*Work item*
Reproduce exactly the span of lines beginning at the one with "défense nationale, bien..." and ending at the last line of the data below, omitting pictures.

Records from a data collection

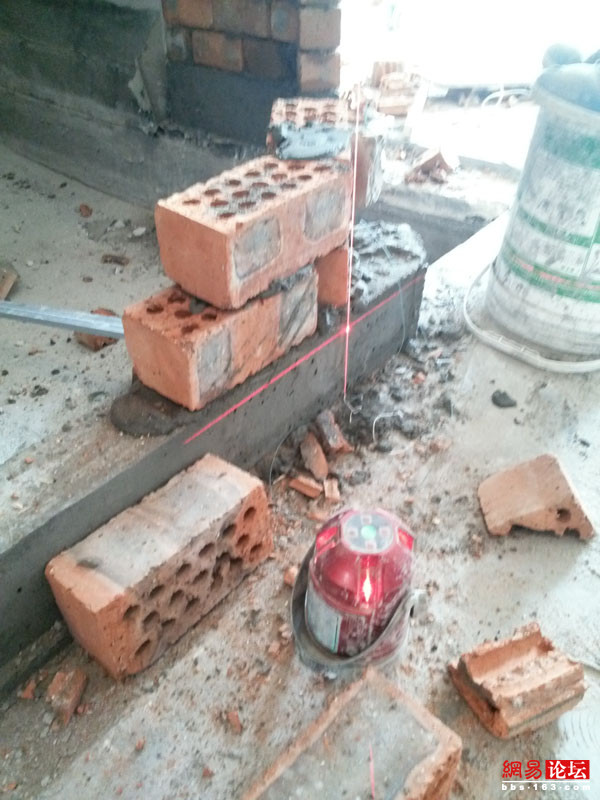 在现场我发现了泥匠师傅身边一个红色的现代化工具,这工具射出的红外线能纠正砌墙的垂直和水平程度。见下图:
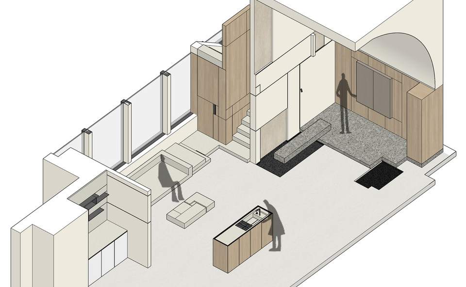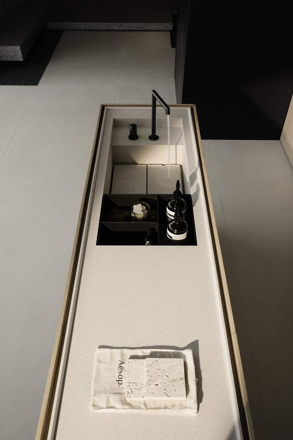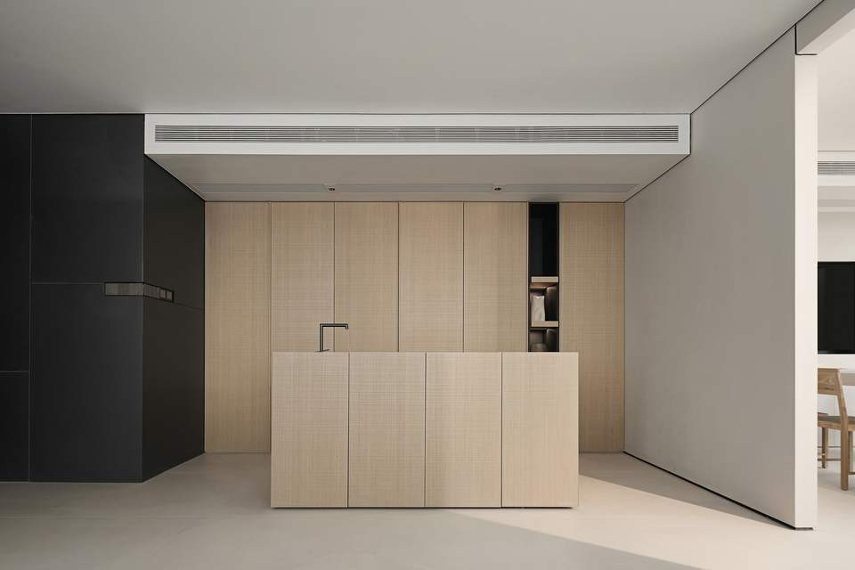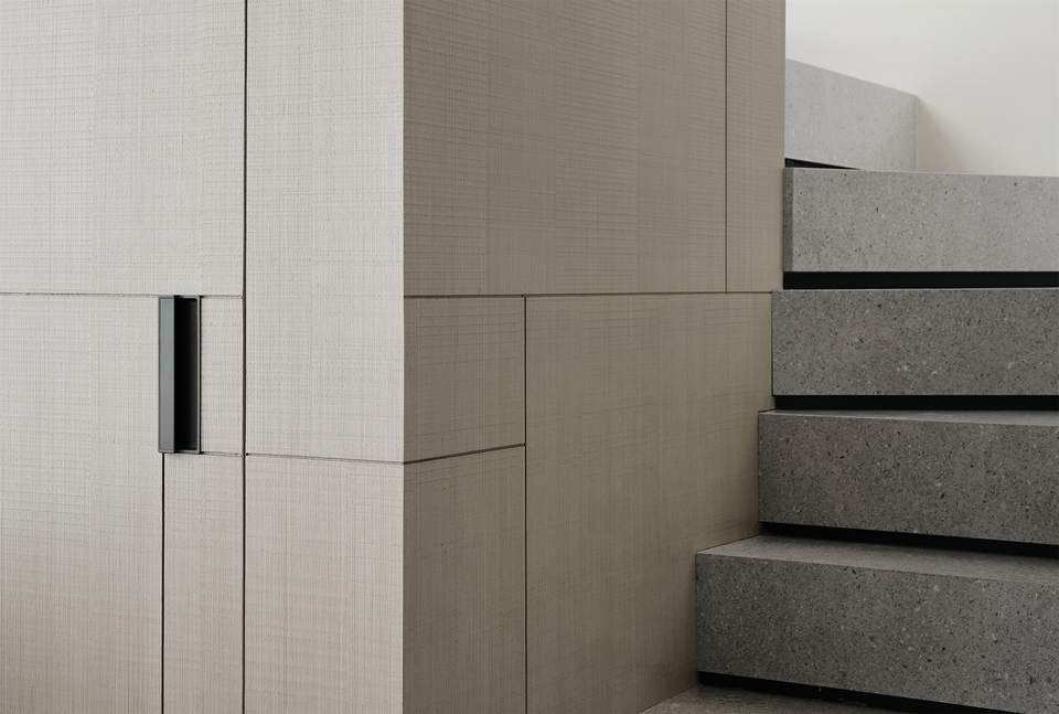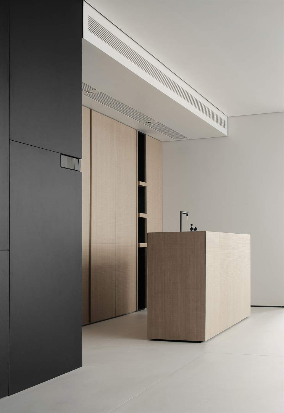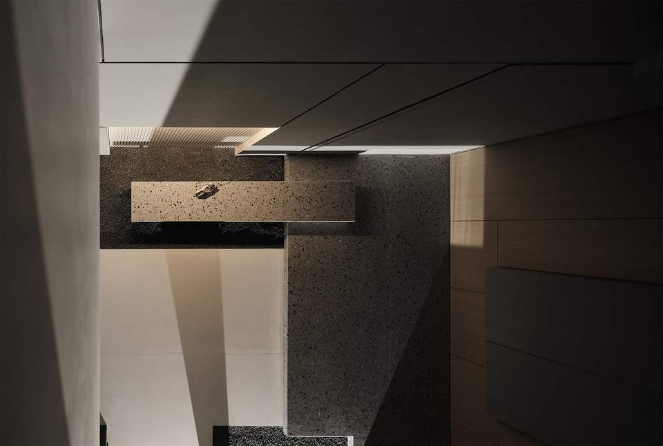 将如此温和的特性赋予其无穷的包容性,配合立体的抽槽面莱姆石以及顶面半弧形带来的感性,曲直相衬,与原木色,灰色水磨石这些自然的元素带来的舒适感,丰富的纹理感将继续延续,得以感性、纯真的表达。
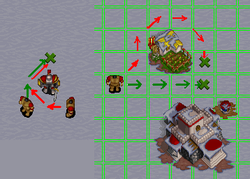 Когда-то, я выяснял про эти особенности "траектории движения", но всё забылось :( ковыряться лень. Попробую общее набросать. В двух словах: из-за быстрого алгоритма поиска пути, страдает качество: По умолчанию, рисуется этакая "пиксельная" корявая линия. и при натыкании на препятствие всегда идёт обход с левой стороны, после этого иногда включается поиск альтернативного обхода, а иногда - нет. При большом препятствии и больших расстояниях - всё "почти хорошо": "анализатор" чаще включается, чем простаивает. А при среднем или малом препятствии и малых расстояниях от него и до него - всё плохо: Сложно сказать, с какого именно порога расстояний это происходит, но уж точно это относится к при беготне по чужой базе) - препятствие в 99% случаев будет обходиться с левой стороны. Видимо, подход при создании был примерно такой: "маршрут уже сосчитан - он относительно короткий - так сойдёт" :) Что иногда, мягко говоря, не оптимально. Плюс, считается то это всё в движении, ведь огры не будут стоять и ждать, пока всю их базу взорвут, поэтому и их перемещения могут поменять маршрут - переставишь такую живую "затычку" -> маршрут сменился -> уже обход по-другому.
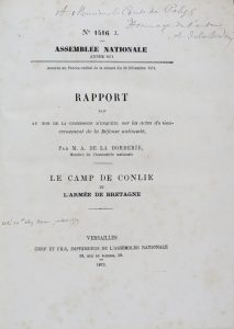 *** LA BORDERIE (A. de). Le camp de Conlie et l'armée de Bretagne. Versailles, 1873, 2 parties en un vol. in-4. Rapport fait à l'Assemblée nationale au nom de la Commission d'enquête sur les actes du gouvernement de la défense nationale, bien...
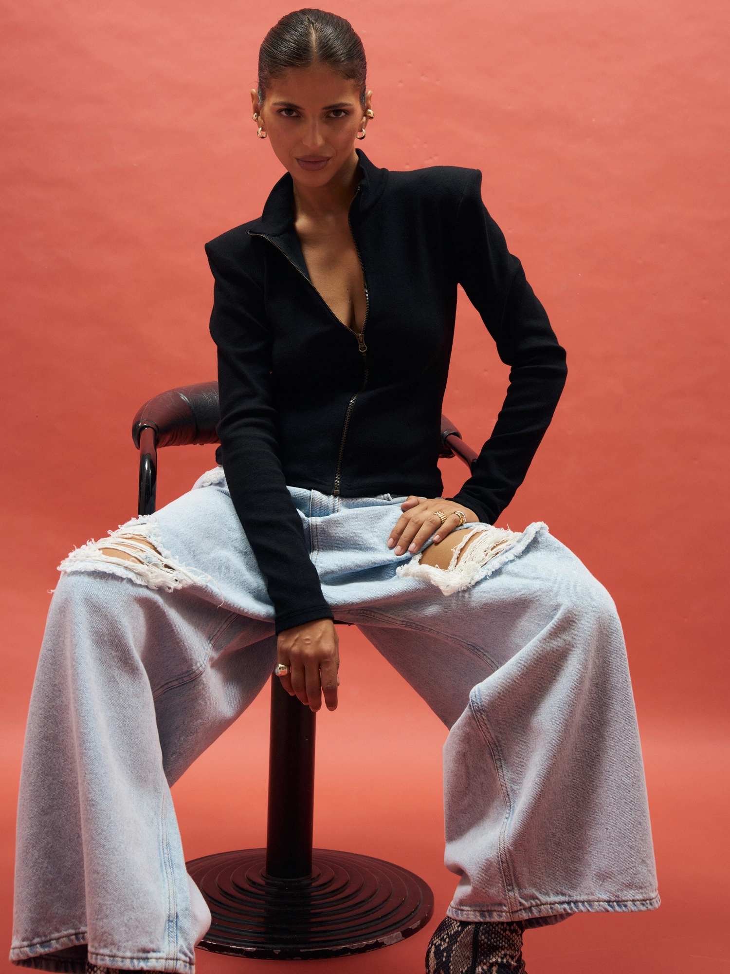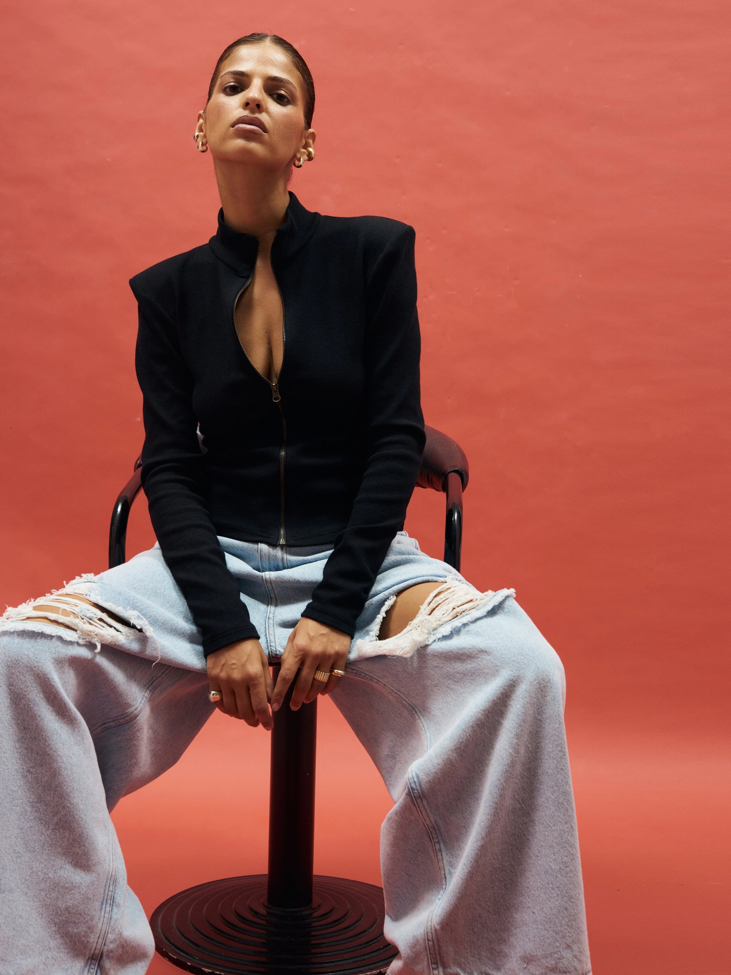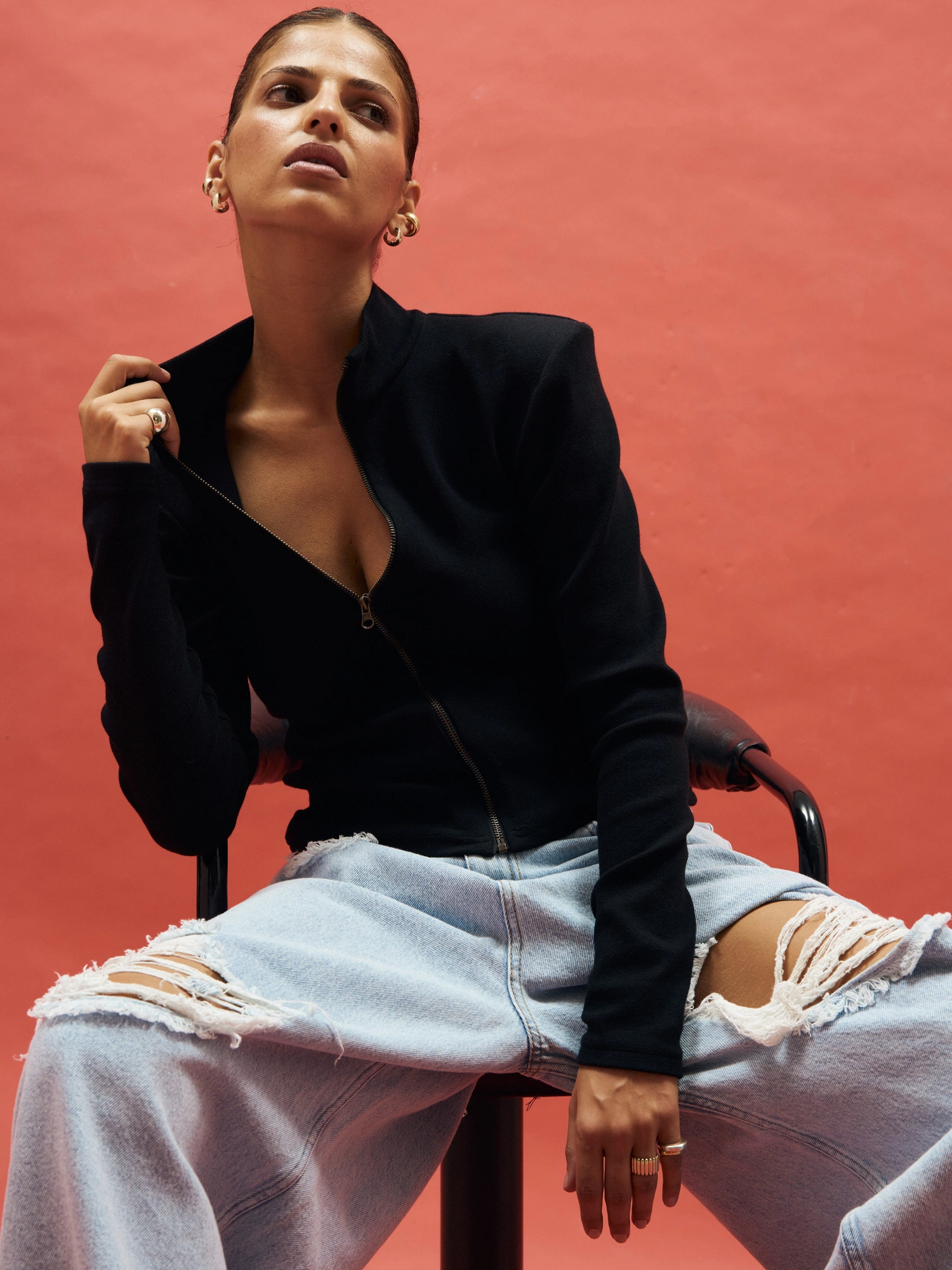 Unikatowy longsleeve wykonany z miękkiej dzianiny o prążkowanej strukturze. Materiał jest elastyczny i świetnie dostosowuje się do sylwetki. Minimalistyczny charakter przełamuje zamek błyskawiczny z przodu oraz mocne ramiona z poduszkami. Całość jest nowoczesna i będzie doskonałą alternatywą dla klasycznych bluzek z długim rękawem, cienkich swetrów i bluz. To idealna propozycja do stworzenia zarówno casualowej, jak i bardziej eleganckiej stylizacji - w połączeniu z dżinsami czy luźnymi spodniami.

*Task result*
 *** LA BORDERIE (A. de). Le camp de Conlie et l'armée de Bretagne. Versailles, 1873, 2 parties en un vol. in-4. Rapport fait à l'Assemblée nationale au nom de la Commission d'enquête sur les actes du gouvernement de la défense nationale, bien...
 Unikatowy longsleeve wykonany z miękkiej dzianiny o prążkowanej strukturze. Materiał jest elastyczny i świetnie dostosowuje się do sylwetki. Minimalistyczny charakter przełamuje zamek błyskawiczny z przodu oraz mocne ramiona z poduszkami. Całość jest nowoczesna i będzie doskonałą alternatywą dla klasycznych bluzek z długim rękawem, cienkich swetrów i bluz. To idealna propozycja do stworzenia zarówno casualowej, jak i bardziej eleganckiej stylizacji - w połączeniu z dżinsami czy luźnymi spodniami.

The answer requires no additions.